Глава 10. ТИХИЕ РАДОСТИ
— Что-то долго нет хозяина: ужин простынет, — сокрушалась Домна Матвеевна.
Однако вскоре Николай появился на пороге, величаво продвинулся к столу и водрузился в кресле Домны Матвеевны во главе стола. Он хранил молчание и лукаво посматривал то на одну, то на другую даму. Первой не выдержала мать:
— Что случилось? Выкладывай, не томи!
Николай дождался, когда к ней присоединилась и
Катя, и вопросил:
— Кто у нас глава семьи?
Восторженный дуэт признал, что бразды правления принадлежат Николаю.
— То-то! Мне сегодня предложили место главного художника издательства «Детский Мир».
Когда смолк хор восторгов и поздравлений, он извлек из внутреннего кармана объемистый пакет и по старой привычке хотел было протянуть его матери, но, одумавшись, отдал жене.
— Что это? — спросила Катя.
— Гонорар за иллюстрации к Чехову.
Катя подвинула пакет Домне Матвеевне:
— Вы ведете наше хозяйство, Вам лучше известны наши нужды, Вам и тратить эти деньги.
Домна Матвеевна спорить не стала, оценила содержимое, отсчитала несколько купюр, а остальное подвинула Кате:
— На хозяйство я взяла, остальное твое. Ты хозяйка, тебе и карты в руки.
— Э нет, я не согласна, — взбунтовалась Катя. — Давайте вместе решать, что нам нужнее всего. Я считаю, что надо купить Коле теплое пальто. Он в стареньком на рыбьем меху мерзнет и простужается.
—
— Все высказались? — спросила мать. — Теперь я говорить буду, — заявила она. — Все, что вы предложили, правильно, но на все это можно выкроить из ежемесячного жалованья, а не из этой крупной суммы. Надо купить что-то большое и самое главное: надо купить шубу Екатерине. Стыдно — жена главного художника ходит в какой-то жалкой кацавейке!
* * *
Закончив «Портрет художника», Сергей решил отправить его в Москву на выставку «Портреты XX века». Помня, что давал подписку о невыезде, он решил предупредить Тарасова о своей кратковременной отлучке.
Тот оказался непреклонен:
— Следствие не закончено, Вы под следствием. О какой отлучке может идти речь? Это совершенно исключено.

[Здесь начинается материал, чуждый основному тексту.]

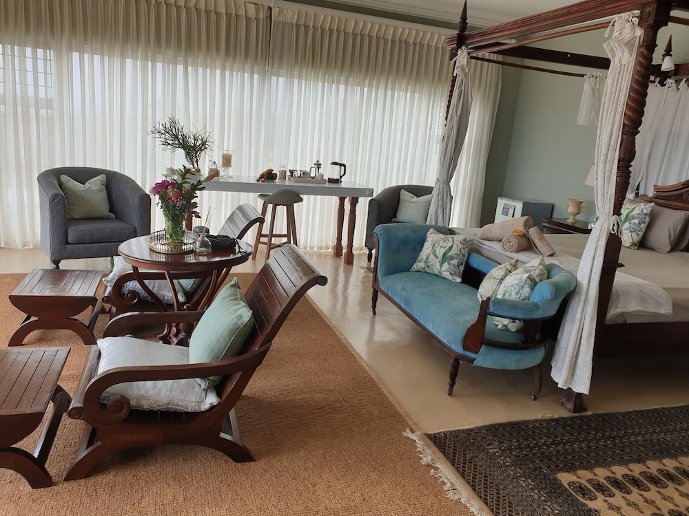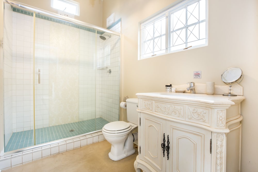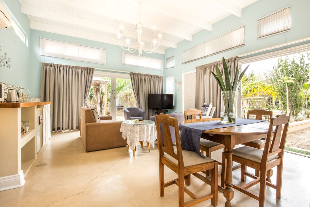 Udogodnienia biznesowe to centrum biznesowe, personel wielojęzyczny oraz przechowalnia bagażu. Płatne udogodnienia to transport z i na lotnisko. Dostępna jest także taka usługa jak bezpłatne parkowanie samodzielne. Do pokoju przylegają taras i ogród, z których roztacza się piękny widok. Dostępne są również takie udogodnienia rekreacyjne, jak basen odkryty. Ten dom gościnny oferuje również udogodnienia takie jak bezpłatny bezprzewodowy dostęp do internetu i grill. Hotel oferuje bezpłatne śniadanie angielskie codziennie od 6:30 do 9.- Opłata za późniejsze zameldowanie: 500 ZAR za zameldowanie od 20 do północ
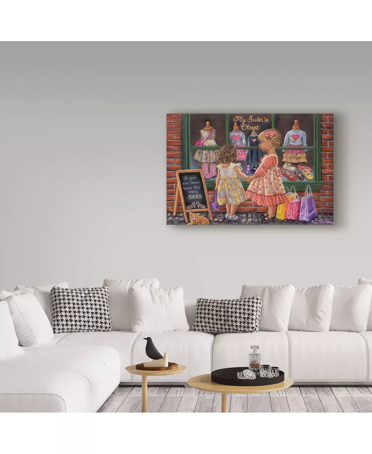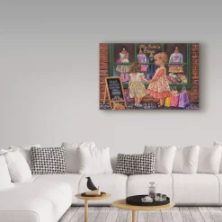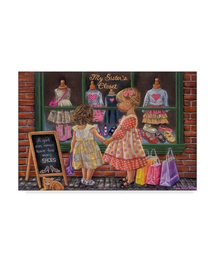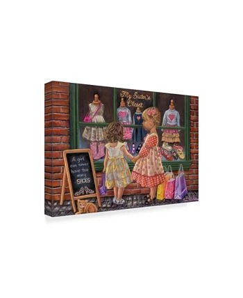 This ready to hang, gallery-wrapped art piece features two girls looking at clothes in a window. Gallery wrap is a method of stretching an artist’s canvas so that the canvas wraps around the sides and is secured a hidden, wooden frame this allows for a frameless presentation of the finished painting.

— Но неужели Вы всерьез до сих пор считаете, что я виновен в пропаже бриллианта? — возмутился Сергей.
— У меня нет другой версии, — ледяным тоном ответил Тарасов.
— Своим отказом Вы калечите мою творческую биографию. Я сам должен представлять свое творение критике и общественности.
Сожалею. Но разрешить отлучку я не вправе. И не вздумайте затеять самоволку. Я немедленно возьму Вас под стражу. Таковы правила, — заключил Тарасов.
Задыхаясь от бессильного бешенства, Сергей отправился к Николаю.
— Я не хочу, и не буду так жить, — рыдал в бессильной злобе Сергей. — Не нужна мне эта жизнь с удавкой на шее. Этот проклятый камень отнял у меня все, чем я дорожил — любимую девушку, доброе имя и вот теперь — возможность творить.
— Прекрати сию минуту! — прикрикнул Николай. — Потерпи немного, найдется этот камень. А с картиной я съезжу в Москву, презентую ее вместо тебя, расскажу, как ты писал мой портрет, что хотел выразить, послушаю, поспорю...
— Но это такое унижение, попрание человеческого достоинства, бушевал Сергей.
— Потерпи, Сереженька, мы с тобой переживали времена и похуже, переживем и эту напасть.
И, хотя в связи с новым назначением Николаю сложно было отлучиться, он твердо решил помочь другу. Вернулся Николай с радостными известиями: портрет был замечен, получил лестные отзывы прессы и критиков. Поступило несколько предложений приобрести полотно, но Сергей решил повременить. Он помнил печальную судьбу своей «Девственницы», которая бесследно исчезла в чьей-то частной коллекции.
* * *
— Пошли бы вы, погуляли: что дома сидеть? А мы с Настенькой и без вас управимся, — ворчала Домна Матвеевна, обращаясь к молодым.
Катя радостно подхватила идею.
— Верно, Николаша, мы с тобой ни разу никуда не выбрались, давай сходим в театр или на концерт.
Николаю не хотелось покидать недавно обретенный уют семейного очага, но перечить дамам не стал.
Однако при более подробной разработке программы вечера оказалось, что поход в театр или на концерт откладывается. Концертный сезон еще не начался, а на хороший спектакль следовало заранее запастись билетами. Решили пойти в кино, тем более на всех экранах сияли Мэри Пикфорд, Дуглас Фербенкс, Ната Вачнадзе и Иван Мозжухин.